Ausgabe 02/2015
Da sein, wo es brennt
Jessica Reifegerste, 40, Straßensozialarbeiterin, Jugendamt Hamburg
Die Orchidee ist meine Lieblingspflanze. Sie symbolisiert das, was meine Arbeit ausmacht. Wenn eine Klientin verzweifelt, zeige ich ihr die Blüten und sage: "Sie hat fast ein Jahr nicht geblüht. Ich dachte, sie sei tot. Aber sie kam zurück. Das schaffst du auch." Ich hole die Menschen ab, baue Vertrauen auf, motiviere sie. Mein Arbeitsplatz ist da, wo meine Klienten sind, Jugendliche und junge Erwachsene, die durch alle Netze gefallen sind. Bei einigen kommt vieles zusammen: Wohnungs- oder sogar Obdachlosigkeit, Drogen, Schulden ... Bei anderen geht es um scheinbare Selbstverständlichkeiten. Wir schreiben gemeinsam eine Bewerbung, ich zeige, wo man Briefmarken kauft und den Brief einsteckt. Ich bin wie die Feuerwehr: Wenn es brennt, bin ich die Erste am Einsatzort. Ich habe in vielen Bereichen Grundwissen und leiste die Erstversorgung. Dann begleite ich zu den Profis, zur Schuldner- oder Drogenberatung. Das passiert nicht auf Knopfdruck, wie von der Politik manchmal gewünscht, nach dem Motto: Da ist ein Problem, da schickt mal eine Straßensozialarbeiterin hin. Nein, zunächst gilt es, Vertrauen aufzubauen.

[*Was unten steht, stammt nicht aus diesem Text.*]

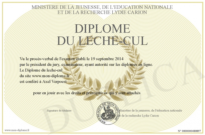 Envoyez par email votre Diplôme du leche-cul personalisé
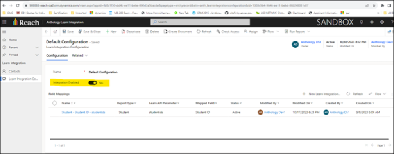 In the Anthology Reach environment, open the Blackboard Integration Model-Driven App.
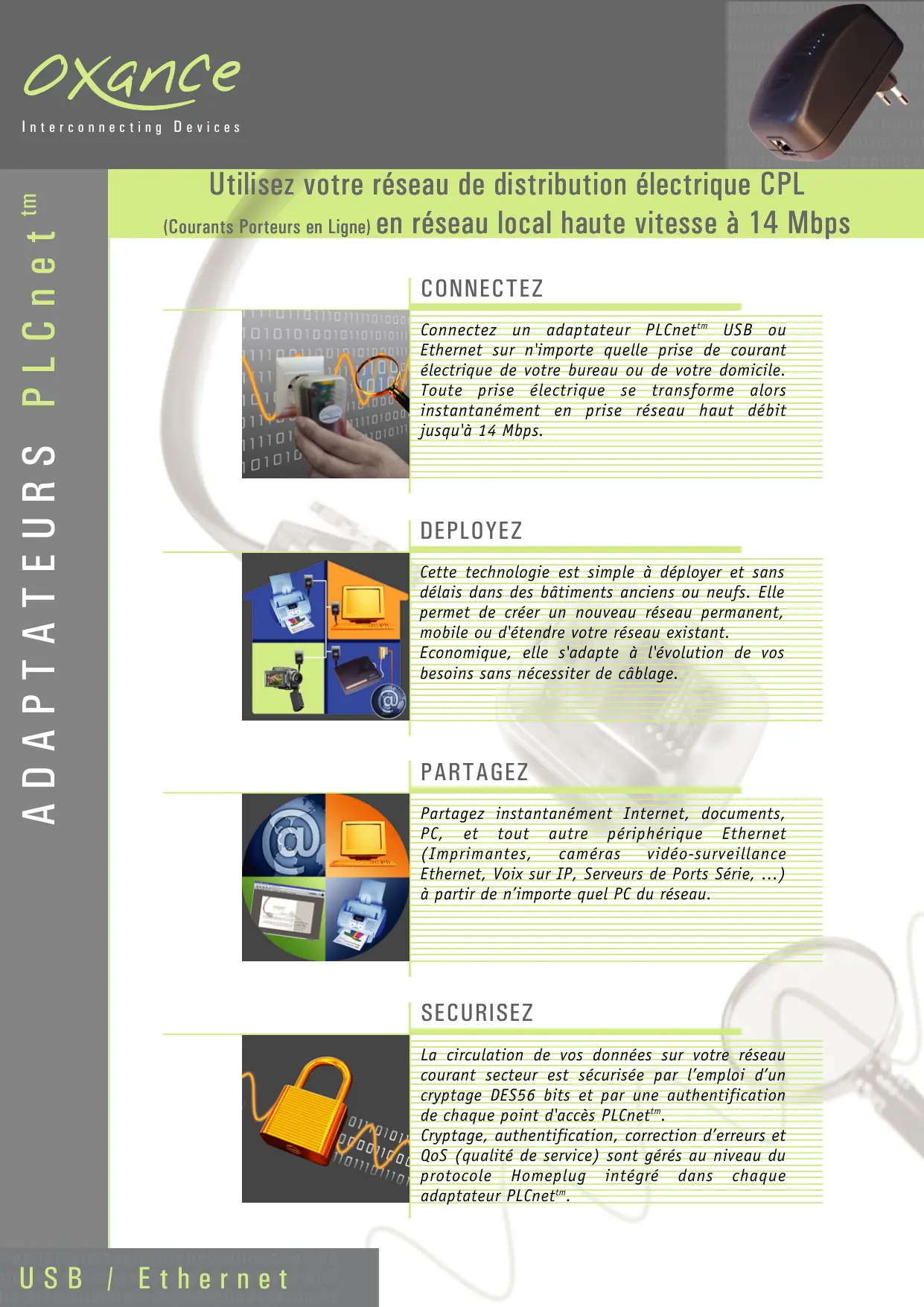 Connectez un adaptateur PLCnet tm USB ou Ethernet sur n'importe quelle prise de courant électrique de votre bureau ou de votre domicile. Toute prise électrique se transforme alors instantanément en prise réseau haut débit jusqu'à 14 Mbps.

Niemand erzählt auf Kommando von seinen Problemen. Ich signalisiere dem Klienten, dass ich ihn akzeptiere, dass er keine Angst haben muss. Wir suchen gemeinsam nach Lösungen für die Probleme. Dabei gibt es keinen Königsweg. Rückschläge gehören dazu, trotzdem heißt es: dranbleiben. Auch wenn ich zum dritten Mal morgens um acht Uhr vergeblich vor dem Jobcenter gewartet habe, breche ich die Beziehung nicht ab, sondern suche mit dem Klienten nach einem neuen Weg. Manchmal hilft es, sich erst für elf Uhr zu verabreden.
Das gefällt mir an meiner Arbeit: Ich muss keine vorgegebenen Ergebnisse liefern, keine Deadline einhalten. Deshalb brauche ich keinen Druck aufzubauen, nicht zu drohen oder zu sanktionieren. Im Rahmen meiner Vorgaben kann ich frei arbeiten. Es geht allein um den Klienten und darum, mit ihm einen Weg zu finden, damit er irgendwann sein Leben selbst meistern kann, im besten Fall. Sehr wichtig ist die Netzwerkarbeit. Ich tausche mich regelmäßig fachlich mit Kollegen aus und brauche die gute Kooperation mit anderen Institutionen.
Ein wichtiger Termin ist das wöchentliche Arbeitslosenfrühstück am Montag. Alles andere ist Einzelfallarbeit und flexibel. Es kommt vor, dass ich um zehn Uhr abends einen Anruf von der Polizei erhalte, um Krisenintervention zu leisten. Das ist die Kehrseite der Flexibilität. Freizeitfreundlich sind die Arbeitszeiten nicht. Man muss gut auf sich aufpassen, damit man nicht verbrennt. Es ist wichtig, sich in der freien Zeit auszuruhen und abzuschalten, um diesem Job gewachsen zu sein. In letzter Zeit denke ich häufiger an die Zukunft. Was passiert, wenn die Zusatzversorgung wegfällt, wie jetzt von den Arbeitgebern gefordert? Ich verdiene nicht so üppig, um fürs Alter etwas auf die hohe Kante legen zu können. Aber es kann doch nicht sein, dass wir aufstockende Leistungen beantragen müssen, wenn wir in Rente gehen.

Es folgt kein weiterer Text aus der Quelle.